Patients with gastroparesis, prior Roux-en-Y, or active inflammatory bowel disease were excluded from the retatrutide Phase 2. For those populations, dulaglutide's longer track record provides more reassurance, though neither drug is ideal in the setting of active gastroparesis.

Switching from Trulicity to Retatrutide: What Clinicians Need to Know

When Switching Makes Clinical Sense

A patient might reasonably switch from dulaglutide to retatrutide (once approved) under these conditions: inadequate glycemic control on dulaglutide 4.5 mg, a primary goal of significant weight reduction without a recent cardiovascular event, no moderate-to-severe CKD, and no clinical frailty.

The gap in CV outcomes data is the single biggest clinical pause. A patient who chose dulaglutide specifically for REWIND's stroke reduction should stay on it, or switch only to an agent with comparable outcomes data (liraglutide in LEADER, semaglutide in SUSTAIN-6, or albiglutide in HARMONY Outcomes).

Practical Switching Protocol

No published trial data describe a head-to-head switch design. Based on the pharmacology of both agents and standard GLP-1 class guidance, a reasonable protocol is:

1. Administer the last dulaglutide dose on its scheduled day.
2. Begin retatrutide titration at the lowest dose (1 mg weekly) on the following scheduled injection day, one week later.
3. Do not overlap doses. Both are once-weekly subcutaneous agents with similar half-lives (dulaglutide approximately 4.7 days; retatrutide approximately 6 days based on Phase 2 pharmacokinetics).
4. Recheck fasting glucose and HbA1c at 12 weeks post-switch to confirm glycemic continuity.
5. If the patient was using dulaglutide for CV risk reduction, document the clinical rationale for the switch explicitly in the chart.

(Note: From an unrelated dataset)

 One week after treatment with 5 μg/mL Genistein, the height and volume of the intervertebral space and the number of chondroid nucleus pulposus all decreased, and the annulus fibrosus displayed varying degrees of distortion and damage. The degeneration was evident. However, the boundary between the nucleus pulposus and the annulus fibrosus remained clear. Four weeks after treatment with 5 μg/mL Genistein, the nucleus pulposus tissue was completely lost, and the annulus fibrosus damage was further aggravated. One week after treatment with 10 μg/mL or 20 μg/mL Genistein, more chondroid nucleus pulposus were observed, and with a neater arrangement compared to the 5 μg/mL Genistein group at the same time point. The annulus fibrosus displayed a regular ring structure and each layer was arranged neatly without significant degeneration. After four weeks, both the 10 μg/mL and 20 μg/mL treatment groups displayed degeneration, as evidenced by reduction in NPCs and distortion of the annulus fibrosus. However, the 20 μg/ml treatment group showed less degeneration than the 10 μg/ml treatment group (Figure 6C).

Monitoring Parameters After the Switch

Patients switching to retatrutide should have body weight, GI tolerability, fasting glucose, and eGFR checked at 4 and 12 weeks. The glucagon receptor component of retatrutide can modestly raise systolic blood pressure during early titration (mean increase of 3 to 4 mmHg was noted in Phase 2 at higher doses). Check blood pressure at the 4-week visit. Patients on antihypertensive therapy may need medication review.

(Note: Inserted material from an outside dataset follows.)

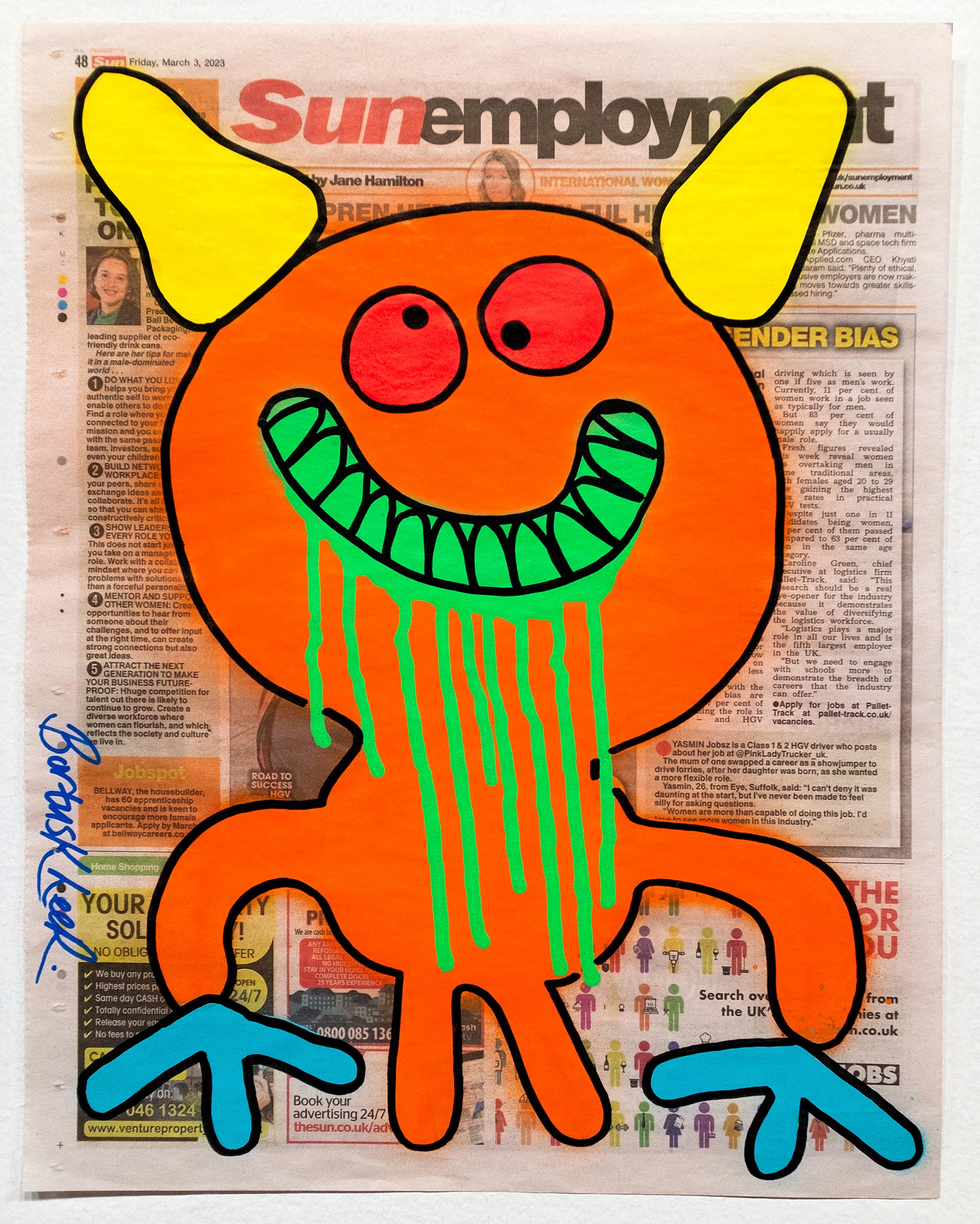 spraypaint, acrylic marker on newspaper, 14" x 11", 2023

Pregnancy, Lactation, and Reproductive-Age Women

Both dulaglutide and retatrutide are contraindicated in pregnancy. Animal reproductive toxicity data for both drugs show fetal harm at clinically relevant exposures. The FDA prescribing information for dulaglutide recommends stopping the drug at least 2 months before a planned pregnancy, based on its half-life.

Retatrutide has a similar contraindication by drug class, though the washout recommendation for Phase 3 trials has used 3 months given the longer effective tissue exposure time at higher doses.

For women of reproductive age using either drug for weight management, reliable contraception counseling is part of the prescribing visit.

Formulary, Cost, and Access Realities

Dulaglutide has an established formulary position. Generic competition is not yet available, but patient assistance programs and formulary tier placement through major PBMs have made it accessible at co-pays below 50 dollars per month for commercially insured patients with a T2D diagnosis. Medicare Part D covers it for diabetes with prior authorization.

Retatrutide has no commercial price or formulary listing yet. If the weight-loss efficacy from Phase 2 holds in Phase 3, the drug may be positioned above semaglutide 2.4 mg and tirzepatide in the obesity-treatment algorithm, which would likely set a list price north of 1,000 dollars per month before rebates.

Access for patients without a T2D diagnosis will depend heavily on whether a cardiovascular outcomes trial (expected to be required by FDA) is completed before or after first approval.